Japanese Lesson 23 – Plural noun and how to use number words in sentence

I have introduced the way of counting things in Japanese on several pages.
In this page, I explain how to use number words in sentence.

Plural form of Japanese noun

First, I describe plural form of Japanese noun.

To put it simply,
Japanese nouns have no plural form.

That’s very fortunate thing.
We must learn the plural forms in English or other main languages.
But to learn Japanese, you don’t need to worry about such a thing.

Whether a noun is singular or plural is recognized by adding an expression of number.

However, there are plural words about noun of person.
To express more than one person, the words are often used. Of course, it is OK to use the singular form.
It is very easy to make the word. You have only to add “tachi” at the end of singular form.


“Hitobito” is mainly used to express a large group of people.

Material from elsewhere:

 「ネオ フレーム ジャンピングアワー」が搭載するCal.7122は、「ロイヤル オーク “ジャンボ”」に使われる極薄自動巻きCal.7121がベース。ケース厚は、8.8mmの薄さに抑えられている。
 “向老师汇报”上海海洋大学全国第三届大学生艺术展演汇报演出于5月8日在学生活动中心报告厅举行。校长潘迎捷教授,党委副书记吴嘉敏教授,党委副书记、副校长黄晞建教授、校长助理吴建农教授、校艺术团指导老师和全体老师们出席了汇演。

Connection of number word and noun

In English, a number word is put before a noun and the noun is plural form.
(e.g. three books)
In Japanese, a number with unit word and noun are connected with a particle “no”.
(e.g. san-satsu no hon)

All number words with unit word I have explained are able to be used with this pattern.

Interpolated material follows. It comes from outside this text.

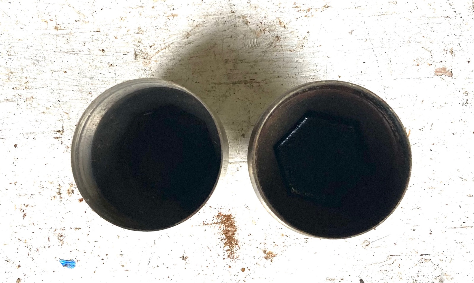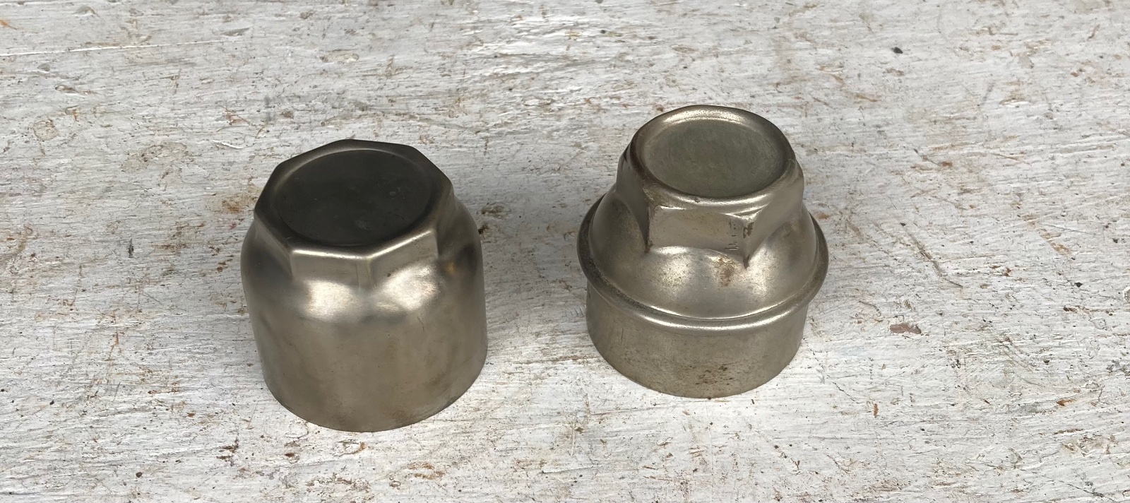 The shorter one on left is octagonal sides. Other is hexagonal. Both nickel plated brass no cracks. Only $30 ea.

three promises = mittsu no yakusoku
five stones = go-ko no ishi
six pencils = roppon no enpitsu

fourth station = yon-banme no eki
seventh travel = nana-dome no ryokoo

mountain 1,000 meters high = sen-meetoru no yama
300 grams of beef = sanbyaku-guramu no gyuuniku

How to use number word in Japanese sentence

First, let’s use above connected words.

I bought three books.
Watashi wa san-satsu no hon o kai mashita.
Ueno is the fourth station from Tokyo.
Ueno wa Tookyoo kara yon-banme no eki desu.

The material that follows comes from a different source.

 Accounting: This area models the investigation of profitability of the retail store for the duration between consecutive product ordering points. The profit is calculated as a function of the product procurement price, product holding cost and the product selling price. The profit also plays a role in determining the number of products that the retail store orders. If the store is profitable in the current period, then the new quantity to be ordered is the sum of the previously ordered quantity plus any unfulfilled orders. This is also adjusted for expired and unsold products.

These are the same structure as English sentence.
Of course, there are natural Japanese.
But, about the first sentence by Frame-A, there is another way that number is used like an adverb without connecting number and noun.

Watashi wa san-satsu no hon o kai mashita.
= Watashi wa hon o san-satsu kai mashita.
= Watashi wa san-satsu hon o kai mashita.

The lowest sentence looks like the top sentence without “no”.
But the structure of sentence is quite different.

Of course, it is also OK to use for subject.

Ten children go to Kyoto.
Juu-nin no kodomotachi ga Kyooto e iki masu.
= Kodomotachi ga juu-nin Kyooto e iki masu.

Asking number of object

I explained question sentence by interrogative in the page of Lesson-13.
I explain the question sentence to ask the number here.

When you ask the number of the object in Japanese, you need to add the unit word to the interrogative.


About countable thing, “ikutsu” is all‐purpose word.
When you ask the price, “ikura” is used.

When you know the unit word of the object, you can make the interrogative by connecting “nan” and the unit word.

When you ask the age, “nan-sai” is the formal form but a little informal “ikutsu” is often used.

How many sushis did you have?
Anata wa sushi o ikutsu tabe mashita ka?
Anata wa sushi o nanko tabe mashita ka?
How old is she?
Kanojo wa nansai desu ka?
Kanojo wa ikutsu desu ka?
How much is this kimono?
Kono kimono wa ikura desu ka?
How many people go to Kyoto?
Nannin ga Kyooto e iku no desu ka?
How many books did you buy?
Anata wa hon o nansatsu kai mashita ka?
How many times have you been to Japan?
Anata wa nankai Nihon e iki mashita ka?
How many kilograms is this baggage? (baggage = nimotsu in Japanese)
Kono nimotsu wa nankiro desu ka?

The words to express irregular number

I have explained how to use the fixed number.
Incidentally, let’s learn the expression by irregular number.


“Takusan” and “ooku” meaning “many” and “much” are often used.
They can be used for both countable and uncountable nouns.

“Subete” and “zenbu” meaning “all” are also used to the same degree.

Japanese words expressing irregular number such as “some” and “several” are also ones based on the unit of number.
As the form, they are the words adding “ka” at the end of above interrogative.

I had much sushis.
Watashi wa takusan no sushi o tabe mashita.
Watashi wa sushi o takusan tabe mashita.
All people go to Kyoto. (people = hito in Japanese)
Subete no hito ga Kyooto e iki masu.
Some people go to Kyoto.
Nannin-ka no hito ga Kyooto e iki masu.
I bought some books.
Watashi wa nansatsu-ka no hon o kai mashita.
Watashi wa hon o nansatsu-ka kai mashita.
I traveled to Japan several times last year.
Watashi wa kyonen Nihon e nando-ka iki mashita.
He ran for some kilometers this morning.
Kare wa kesa nankiro-ka hashiri mashita.